- [What you should do]: Pictures excluded, output the lines of the data below between the one holding "Gambar 3.9 Paket untuk bagian mintenance" and the one holding "Sinuosités de quartz", inclusive, exactly as they stand.

- [The records]:
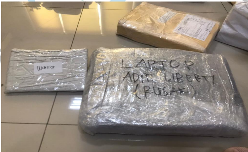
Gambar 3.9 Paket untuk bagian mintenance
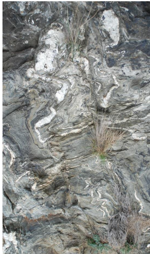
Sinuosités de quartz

---

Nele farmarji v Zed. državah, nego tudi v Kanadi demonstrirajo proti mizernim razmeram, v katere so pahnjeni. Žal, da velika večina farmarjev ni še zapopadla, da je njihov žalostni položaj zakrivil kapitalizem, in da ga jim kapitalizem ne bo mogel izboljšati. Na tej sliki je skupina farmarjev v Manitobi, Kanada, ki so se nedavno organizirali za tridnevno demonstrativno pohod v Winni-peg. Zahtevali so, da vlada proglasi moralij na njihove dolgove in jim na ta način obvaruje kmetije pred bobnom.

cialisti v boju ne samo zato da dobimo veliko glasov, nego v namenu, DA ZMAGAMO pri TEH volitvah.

...

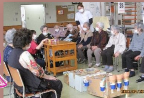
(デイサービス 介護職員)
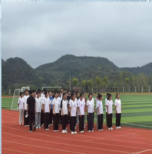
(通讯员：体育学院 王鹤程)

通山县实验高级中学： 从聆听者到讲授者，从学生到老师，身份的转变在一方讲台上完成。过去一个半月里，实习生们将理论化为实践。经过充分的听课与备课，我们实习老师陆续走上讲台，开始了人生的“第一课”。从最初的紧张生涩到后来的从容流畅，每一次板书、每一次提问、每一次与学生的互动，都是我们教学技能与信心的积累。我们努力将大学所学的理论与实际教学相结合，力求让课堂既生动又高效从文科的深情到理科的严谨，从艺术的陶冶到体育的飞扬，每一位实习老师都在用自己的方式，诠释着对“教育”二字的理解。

- [Solution to the exercise]:
Gambar 3.9 Paket untuk bagian mintenance
Sinuosités de quartz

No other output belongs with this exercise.